Isn’t it amazing that by the simple act of typing “Micah Clark hiker” into the search engine, I would find your beautiful story? I can’t tell you how my heart was touched. How curious is it, that because my son died, two otherwise strangers would have reason to correspond?

A group of Micah’s friends and family climbed to the site of his death this past Saturday and planted a tree in his memory. I read them your story … it was so appropriate …. and it touched their hearts as well. Thank you.

Sincerely,

Renita

Even now, reading that note, I skip a breath, amazed at our connectedness. The adage “six degrees of separation” isn’t simply pop culture or an urban myth. It comes from a very well established body of sociological research regarding social networks, which is perhaps best recounted by Columbia’s Small World Project, which you can see here.

For me, though, my exchange with Renita illustrates something even more remarkable: that the intersection of blogs and powerful search engines reduced Renita and me to one degree of separation … two independent events—a journal-style post and a web search—immediately linked two strangers in an unmediated exchange. It’s an extremely powerful thought: as we post, we are indexed. As we are indexed, we are made searchable. As we are made searchable, we become accessible to the full universe of users.

As we blog, we become prone to the world … we are no longer participants in the electronic network, we become part of the global SOCIAL network. Blog regularly and the nodes and degrees surely diminish, one by one, until the entire world is just outside the room, only one click away from walking through your virtual door.

Renita had it right: “Isn’t it amazing that by the simple act of typing ‘Micah Clark hiker’ into the search engine, I would find your beautiful story?” It is amazing, Renita, amazing, and also a bit overwhelming. But I’m glad you found The Fine Edge and that our degrees are down to zero.

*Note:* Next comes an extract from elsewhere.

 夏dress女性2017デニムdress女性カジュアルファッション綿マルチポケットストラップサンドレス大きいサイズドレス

After all, fellow bloggers: the chance to connect with … even contribute to … the lives of our readers—isn’t that why we write?

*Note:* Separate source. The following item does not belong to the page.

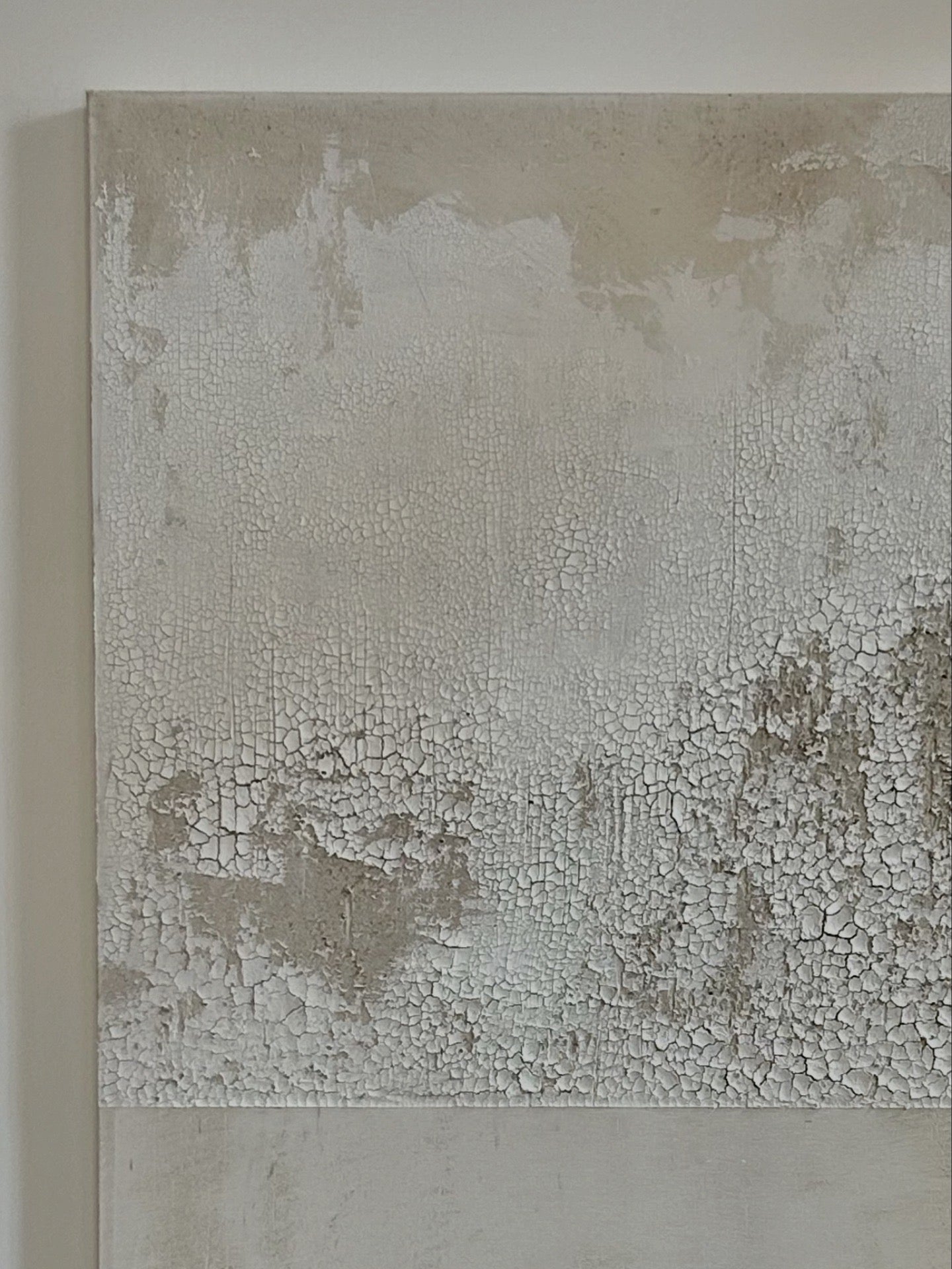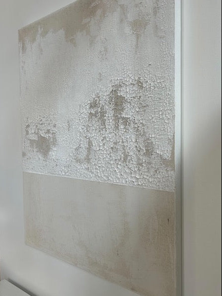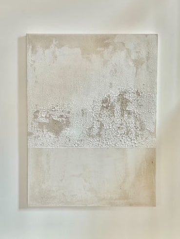 Build in soft, neutral tones, the surface reveals layers of texture cracked, shifted and settled. Rooted in a wabi-sabi sensibility, the work invites slow looking.

Posted by Avocare at October 6, 2003 07:46 PM | TrackBack
Comments

Beautiful.

As a mother of a son my heart goes out to Renita. Thank you both for sharing.

Posted by: Cynthia at October 6, 2003 10:30 PM

Your post moved me very deeply. Here I sit at my computer. A grown man. Tears in my eyes.

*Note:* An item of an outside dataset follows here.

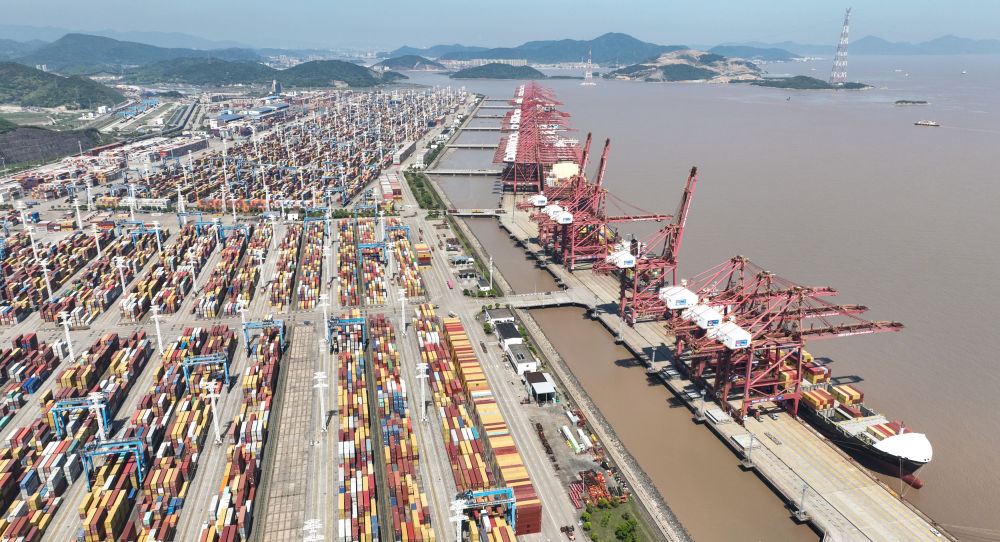 货轮停靠在宁波舟山港穿山港区装卸货物(2023年5月9日摄,无人机照片)。新华社记者 翁忻旸 摄

Posted by: Patrick at October 6, 2003 11:48 PM

I cried the first time, too. Thanks.

Posted by: john at October 7, 2003 12:34 AM

I feel so lucky that I read this today and learned about Micah. I'm originally from Idaho/Washington and have hiked many times by myself and now with my son. My heart goes out to his family and friends.

This also reminds me why I always thank my mother-in-law during my wife's birthday. Behind every beautiful woman/man is a beautiful mother/father.

Posted by: chrys at October 7, 2003 03:15 AM

I, too, sit here increased to tears. Thank you.

Posted by: Val Prieto at October 7, 2003 07:52 AM

I had a similar experience about 18 months ago, when an Enron executive committed suicide. In my post on the story, I included a photo of the suicide note, which was widely available in the mainstream media. Shortly thereafter, I received an email from the executive's wife, who was none too happy that I had posted a photo of her husband's suicide note. Upon giving it some thought, I realized that she had a point. While I don't believe that I did anything wrong, I did email her with my apologies.

This incident really brought home to me the power that all of us wield from time to time. While I post some pretty strong opinions, it is never my intent to increase someone's pain, particularly just after their husband committed suicide. Let's just say that I am much more cognizant of my responsibilities to others now. I think that's probably a good thing.

Posted by: Jack Cluth at October 7, 2003 08:05 AM

Awesome writing. Thanks for sharing the experience. It really does mae the world seem smaller.

Posted by: Doc at October 7, 2003 09:37 AM

The greatness of this post speaks for itself, through your beautiful writing and the perfect filigree of content. Thank you!

Posted by: Oscar at October 7, 2003 10:11 AM

What a wonderful story and so well told. It is a remarkable reminder of how small our world is and how our words can affect others.

You connected and touched another's life through your thoughts and words. Well done.